Last Sunday, I went to church. My friend Misty and I had been planning to visit The Colored Girls Museum for months. So, on a cold, rainy day in Spring, we finally decided to make the pilgrimage.
Have you ever had a moment that felt so special that you found yourself trying to absorb each and every detail? Every color, every smell, every sound? As I walked toward the door, past the bed of homegrown herbs, I had no idea it would be one of those days. From the outside, the museum is very unassuming. It looks like any other home on the block. Vast and beautiful. Uncertain that I was in the right place, I climbed the stairs and knocked hesitantly on the door. As it opened, a warm breeze rolled past me and a large group of black and brown faces came into sight. That's when I knew I was in the right place.

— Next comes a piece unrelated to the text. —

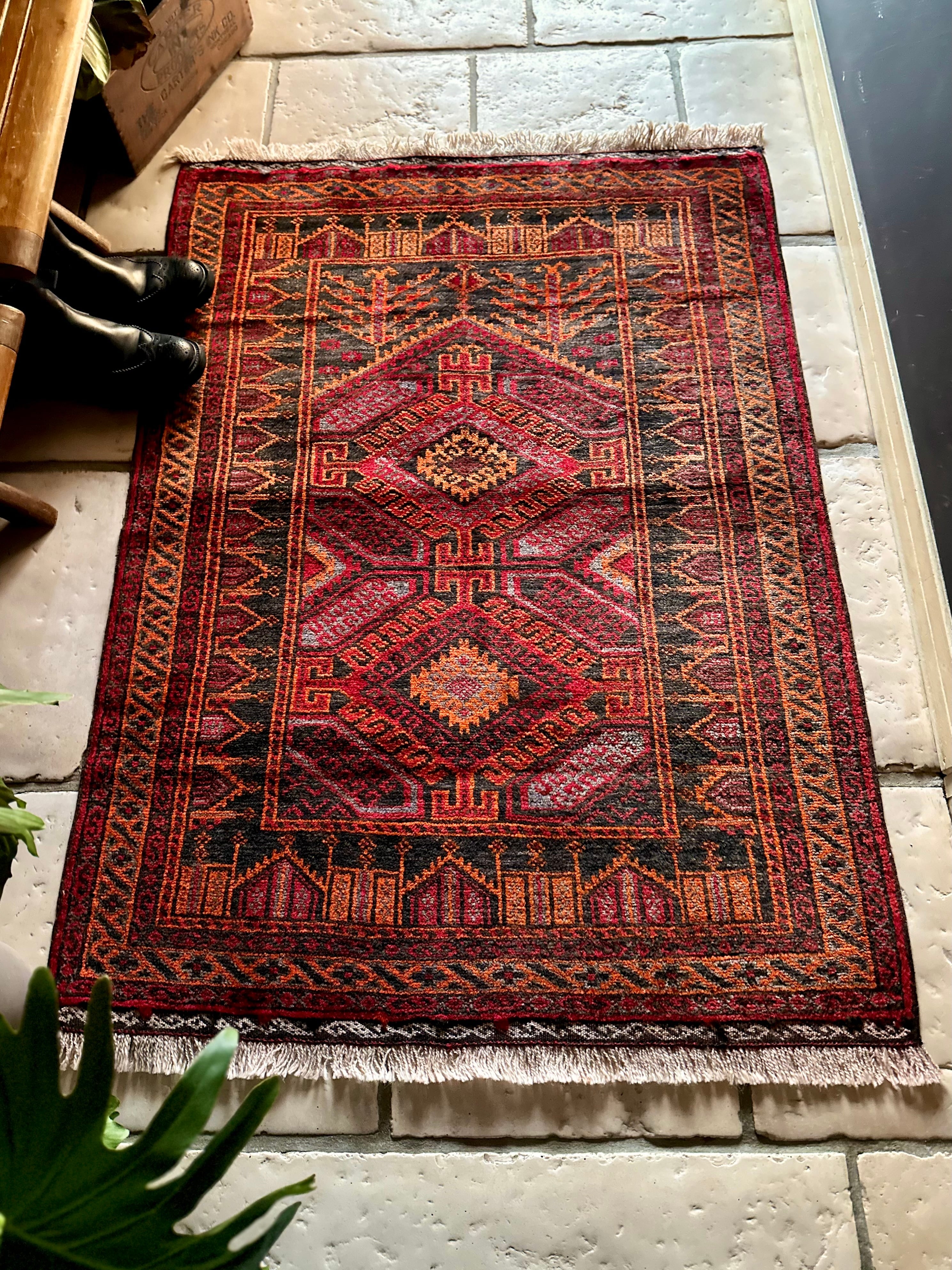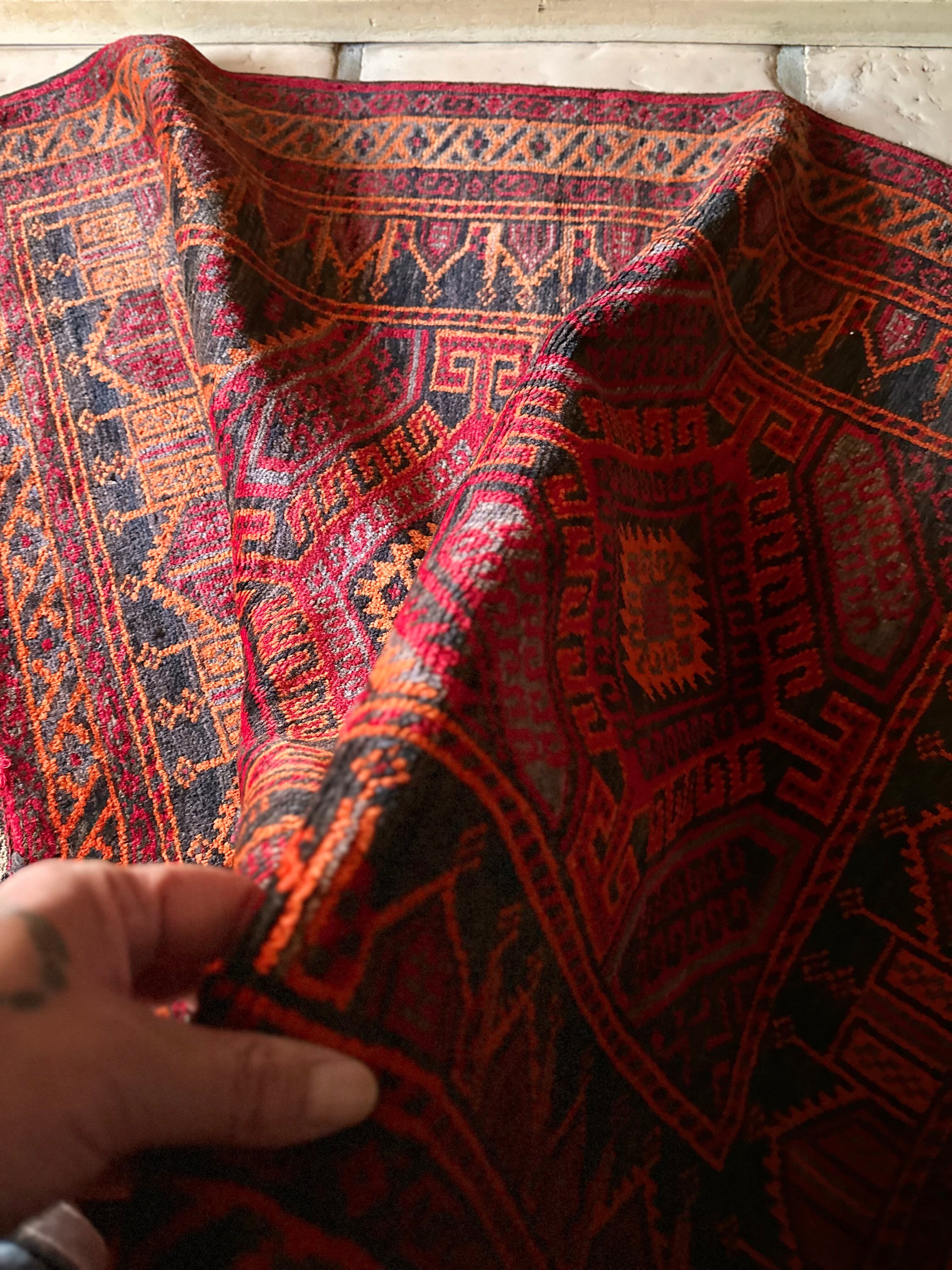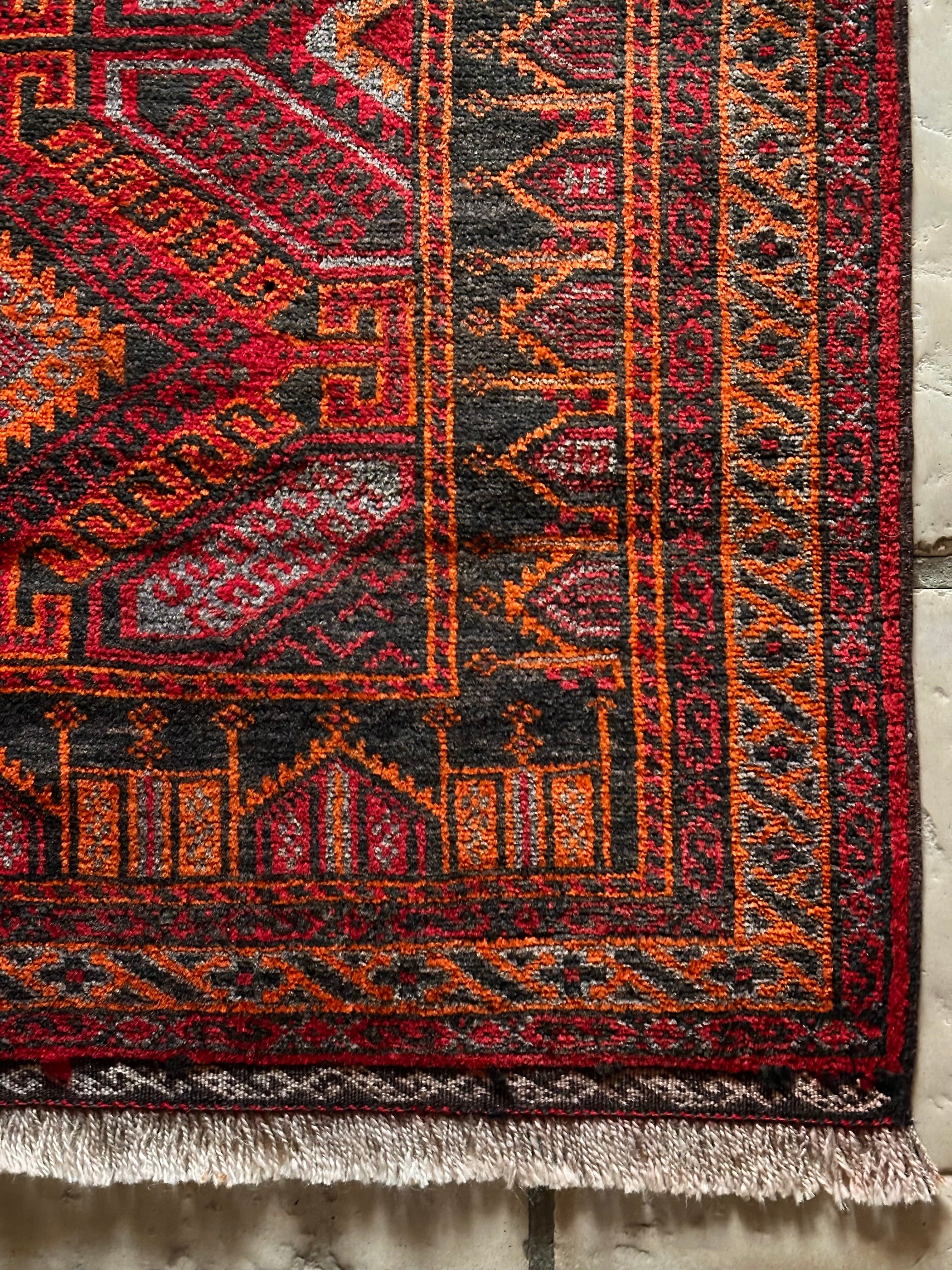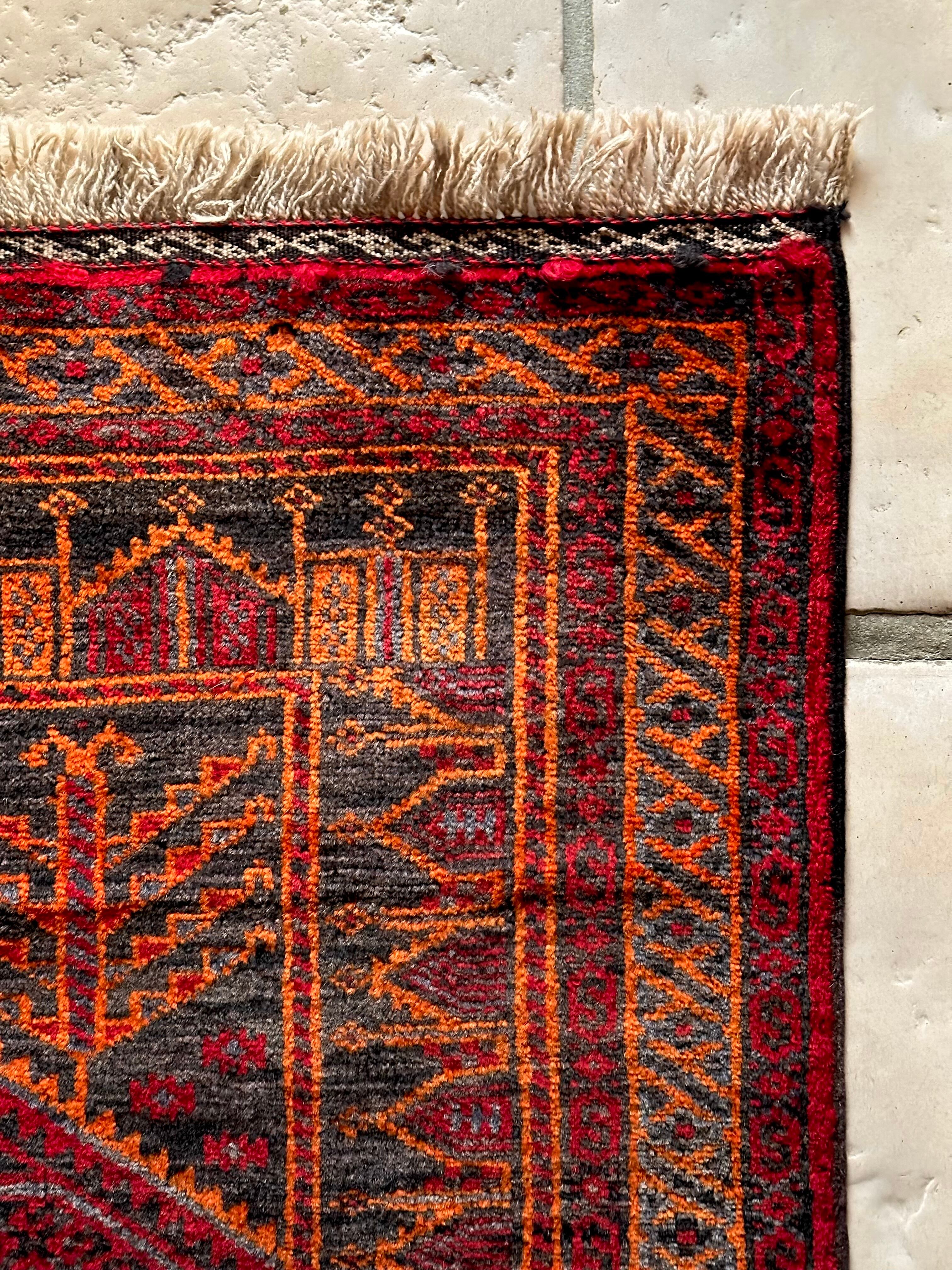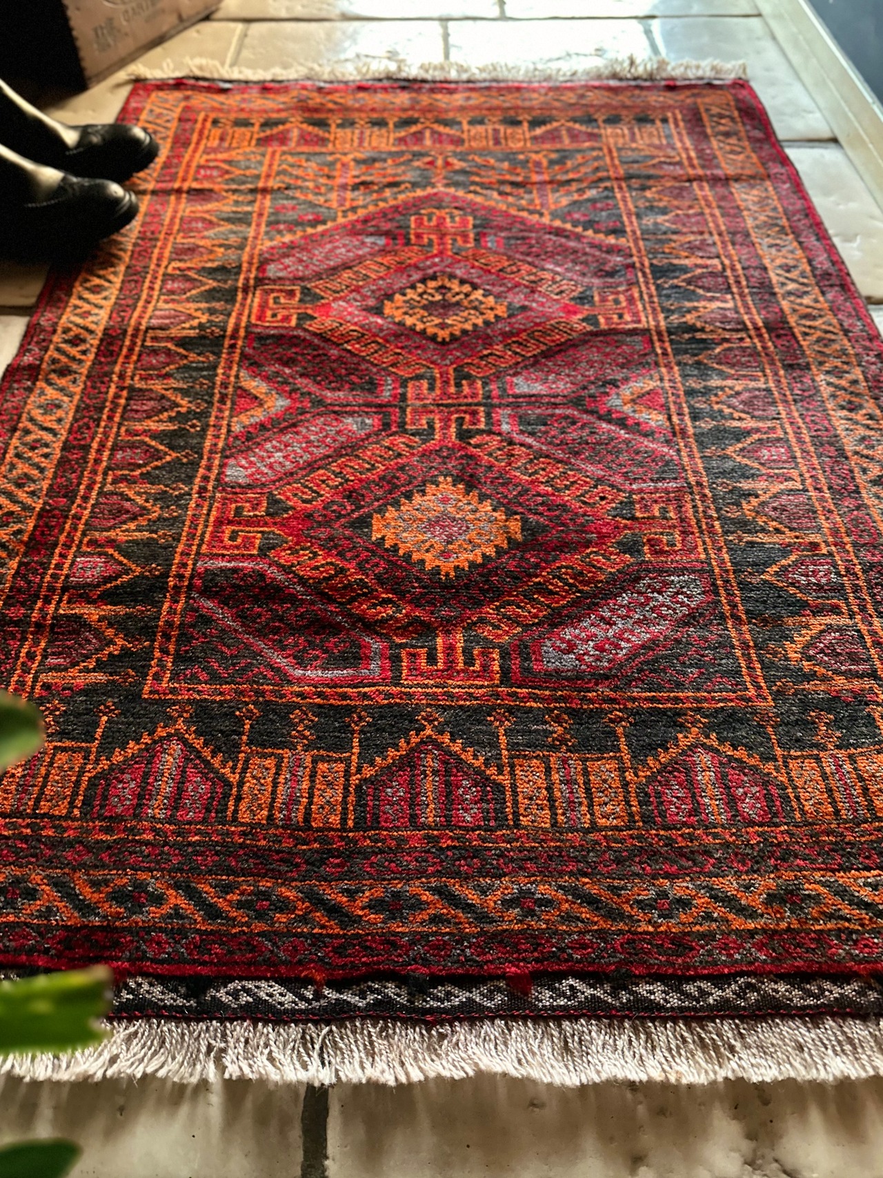 ブラックを背景に赤とオレンジで燃えるような色彩を現した祈祷用のプレイヤーラグで、何度か似たような配色に柄のモノを販売していますが、全てはアフガニスタンのヘラート産バルーチからのトライバルラグで、個人的にも好きな類いでついついピックアップしてしまいます。

With its current exhibit, "Urgent Care", TCGM has curated a collection of pieces that FEEL like Black women. Imagine if you took all of the healing power from your mother, your mother's mother, and your aunties and placed it all in one room. The result would be tremendous. Now imagine an entire house dedicated to this alchemy. With great care and consideration, the works of Black women artists have been placed side by side, set in conversation with one another. And as I walked from room to room, with my senses fully immersed (Laura Mvula played in the background), I realized that even the location, a 3-story Victorian Home in Germantown magnified the impact of the work. I tried to imagine these same pieces amongst the white walls of an art gallery and failed to see a version where the potency of the work didn't become inadvertently sanitized.
The Colored Girls Museum is a love note to our foremother's. A thank you note for their tireless work ethic and finesse while doing so. It is a sheer and utter celebration of the work of Black women. Work that often includes domestic labor which is normally devalued and dismissed.
Some of my favorite pieces included Nasstassja Swift's "Concealer" which showed that "whiteness can never conceal blackness." Then there was "Fainting is not for me" which posited that "for the colored girl, fainting could cost them their life." I fell in love with the permanent exhibit "Tribute to The Washer Womyn" by Monna Morton and Denys Davis. And then I fell in love again when I saw the work of Emily Carris.
The whole space is stunning and deserves your visit on a cold rainy day in the Spring or a long hot day in the Summer. Go again and again and again and pay homage to the Colored Girl. Seeing our work valued. I can't say enough how good that felt.